--- Task objective ---
Print the entries in full, word for word, but not the pictures.

--- Material for this exercise ---
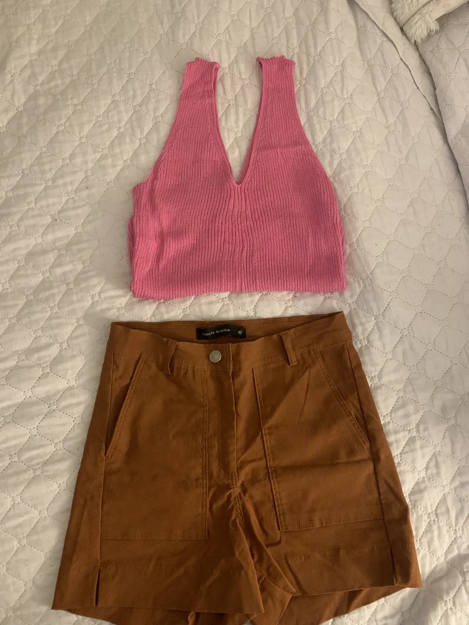 Conjunto de top rosa de tejido acanalado con escote pronunciado y shorts color suela con bolsillos cargo talle 40 . Ideal para un look casual y chic.
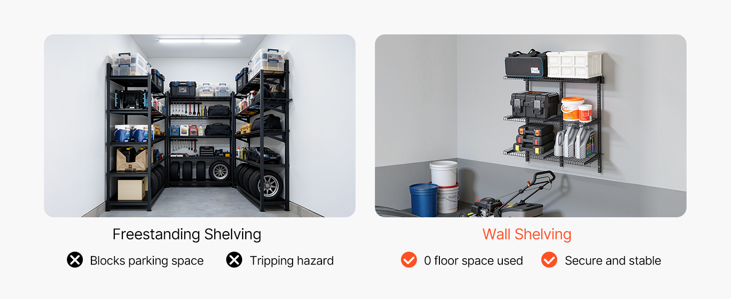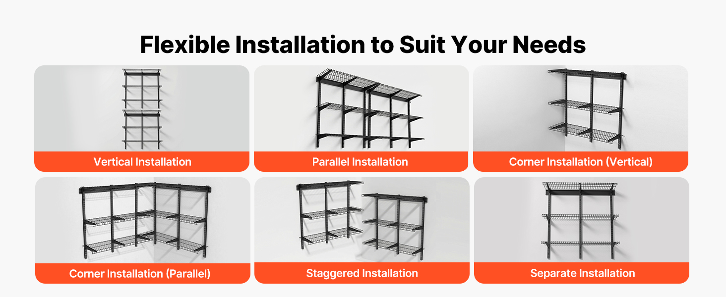 Tieto nástenné regály do garáže podporujú vertikálnu, paralelnú, rohovú, stupňovitú alebo jednopoliovú inštaláciu. Môžete si vybrať rozloženie, ktoré vyhovuje vašim potrebám skladovania, a maximálne využiť každú časť steny.
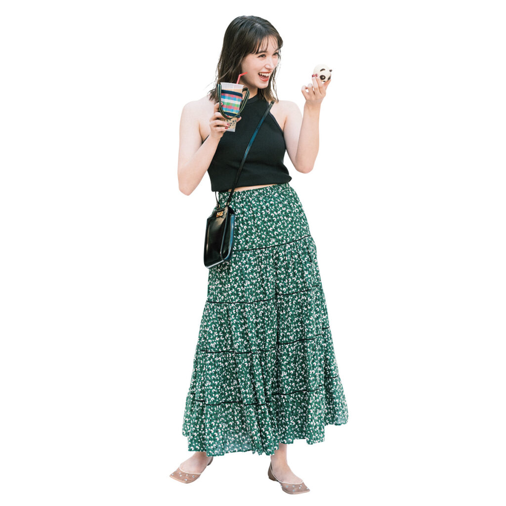 旅先で早速タンクトップデビュー!たくさん写真を撮る旅だから、スクエアトゥ×ストーン付きのフォトジェニックな足元で。フラットシューズ[H0.7㎝]¥39,600(ピッピシック)タンクトップ¥7,700(ケラウズランブラ/ジャック・オブ・オール・トレーズ プレスルーム)スカート¥35,200(ノーメント/ショールームセッション)バッグ¥23,100(ダイアナ/ダイアナ 銀座本店)
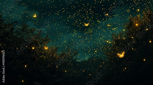 A visually striking composition featuring a swarm of fireflies illuminating the night sky, forming intricate patterns reminiscent of a celestial ballet. The dark background accentuates the glow
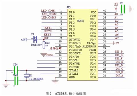主要由AT89S51 最小系統(tǒng)控制,它要完成鍵盤控制、預(yù)置電壓顯示控制、短路保護控制 及報警控制等功能。AT89S51 最小系統(tǒng)如圖2 所示。
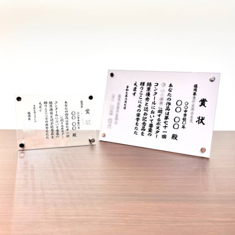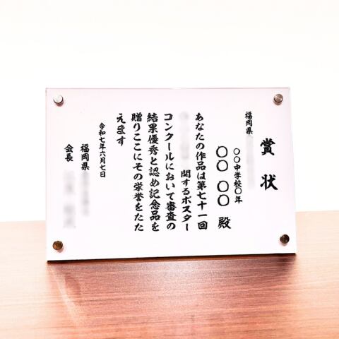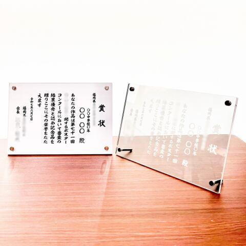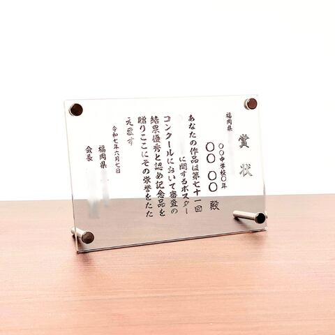 上質なアクリル素材を使用した、長く飾れる表彰状です。
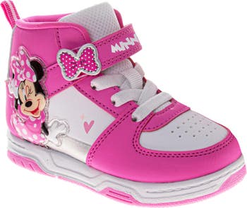 She can step into 2026 with a pop of pink and a dash of Disney magic in these Minnie Mouse high-top sneakers. Featuring the iconic Minnie Mouse in her classic polka-dot bow, these sneakers combine cheerful style with a supportive design perfect for active toddlers and little kids. The vibrant pink and white colorway is accented with a 3D-effect polka-dot bow on the strap, ensuring she feels like the star of the show during every playground adventure.
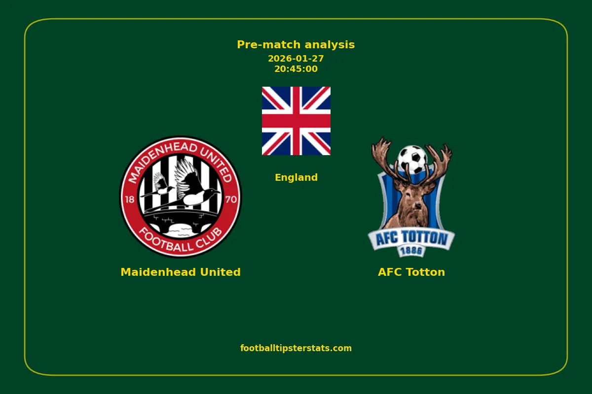 Analyzing the recent performance of Maidenhead United and AFC Totton in England, we can derive insights that may inform future match predictions. By examining their individual game histories, head-to-head encounters, and overall trends, we can identify patterns that highlight strengths and weaknesses for both teams. This comprehensive review aims to provide a clearer understanding of their competitive dynamics and potential outcomes in upcoming fixtures.This pre-match analysis covers the upcoming fixture between Maidenhead United and AFC Totton. Below you’ll find a detailed breakdown of both teams’ recent form, goal statistics, and head-to-head performance. These insights provide a clear picture of current momentum and can be valuable for match forecasting, tactical evaluation, or betting analysis. Please note that these suggestions are based on historical data and trends. While they provide valuable insights, actual match outcomes can be influenced by various unpredictable factors. Always consider multiple aspects before making any decisions based on these analyses.
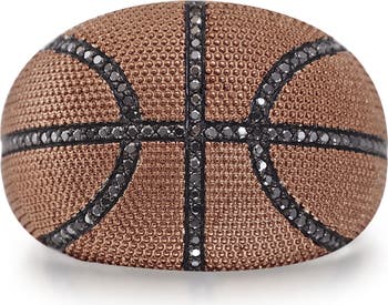 Slam Dunk Basketball Sterling Silver & Black Diamond Men Ring
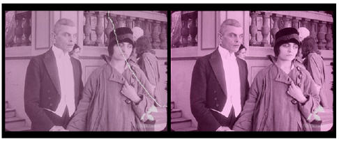 La primera etapa de la reconstrucción consistió en la restauración de la cinta. Antes de que pudiera ser escaneada, se realizó una reconstrucción manual. Después se elimino por medios mecánicos toda la suciedad. A continuación, la cinta se divide en segmentos y se procede al escaneado con un escáner especialmente diseñado para las cintas de película antigua.
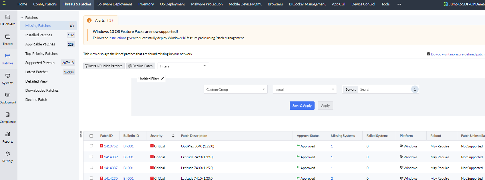 לאחר מכן נוכל לסנן רק את המכונות הרלוונטיות מתוך האייג'נטים, ולצפות בסטטוס הפאצ'ים החסרים בהם.
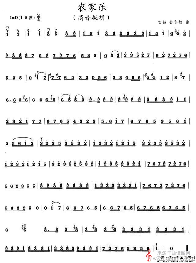 曲谱图网为您提供农家乐(高音板胡简谱曲谱)找谱子,就上曲谱图网。
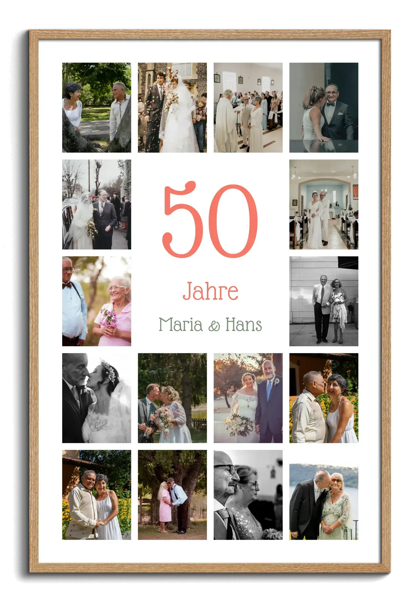 Goldene Hochzeit als Jubiläums-Zahl-Collage: große Zahl, Namen & Text, 20–80 Fotos, anpassbar

--- Response to this exercise ---
 Conjunto de top rosa de tejido acanalado con escote pronunciado y shorts color suela con bolsillos cargo talle 40 . Ideal para un look casual y chic.
 Tieto nástenné regály do garáže podporujú vertikálnu, paralelnú, rohovú, stupňovitú alebo jednopoliovú inštaláciu. Môžete si vybrať rozloženie, ktoré vyhovuje vašim potrebám skladovania, a maximálne využiť každú časť steny.
 旅先で早速タンクトップデビュー!たくさん写真を撮る旅だから、スクエアトゥ×ストーン付きのフォトジェニックな足元で。フラットシューズ[H0.7㎝]¥39,600(ピッピシック)タンクトップ¥7,700(ケラウズランブラ/ジャック・オブ・オール・トレーズ プレスルーム)スカート¥35,200(ノーメント/ショールームセッション)バッグ¥23,100(ダイアナ/ダイアナ 銀座本店)
 A visually striking composition featuring a swarm of fireflies illuminating the night sky, forming intricate patterns reminiscent of a celestial ballet. The dark background accentuates the glow
主要由AT89S51 最小系統(tǒng)控制,它要完成鍵盤控制、預(yù)置電壓顯示控制、短路保護控制 及報警控制等功能。AT89S51 最小系統(tǒng)如圖2 所示。
 上質なアクリル素材を使用した、長く飾れる表彰状です。
 She can step into 2026 with a pop of pink and a dash of Disney magic in these Minnie Mouse high-top sneakers. Featuring the iconic Minnie Mouse in her classic polka-dot bow, these sneakers combine cheerful style with a supportive design perfect for active toddlers and little kids. The vibrant pink and white colorway is accented with a 3D-effect polka-dot bow on the strap, ensuring she feels like the star of the show during every playground adventure.
 Analyzing the recent performance of Maidenhead United and AFC Totton in England, we can derive insights that may inform future match predictions. By examining their individual game histories, head-to-head encounters, and overall trends, we can identify patterns that highlight strengths and weaknesses for both teams. This comprehensive review aims to provide a clearer understanding of their competitive dynamics and potential outcomes in upcoming fixtures.This pre-match analysis covers the upcoming fixture between Maidenhead United and AFC Totton. Below you’ll find a detailed breakdown of both teams’ recent form, goal statistics, and head-to-head performance. These insights provide a clear picture of current momentum and can be valuable for match forecasting, tactical evaluation, or betting analysis. Please note that these suggestions are based on historical data and trends. While they provide valuable insights, actual match outcomes can be influenced by various unpredictable factors. Always consider multiple aspects before making any decisions based on these analyses.
 Slam Dunk Basketball Sterling Silver & Black Diamond Men Ring
 La primera etapa de la reconstrucción consistió en la restauración de la cinta. Antes de que pudiera ser escaneada, se realizó una reconstrucción manual. Después se elimino por medios mecánicos toda la suciedad. A continuación, la cinta se divide en segmentos y se procede al escaneado con un escáner especialmente diseñado para las cintas de película antigua.
 לאחר מכן נוכל לסנן רק את המכונות הרלוונטיות מתוך האייג'נטים, ולצפות בסטטוס הפאצ'ים החסרים בהם.
 曲谱图网为您提供农家乐(高音板胡简谱曲谱)找谱子,就上曲谱图网。
 Goldene Hochzeit als Jubiläums-Zahl-Collage: große Zahl, Namen & Text, 20–80 Fotos, anpassbar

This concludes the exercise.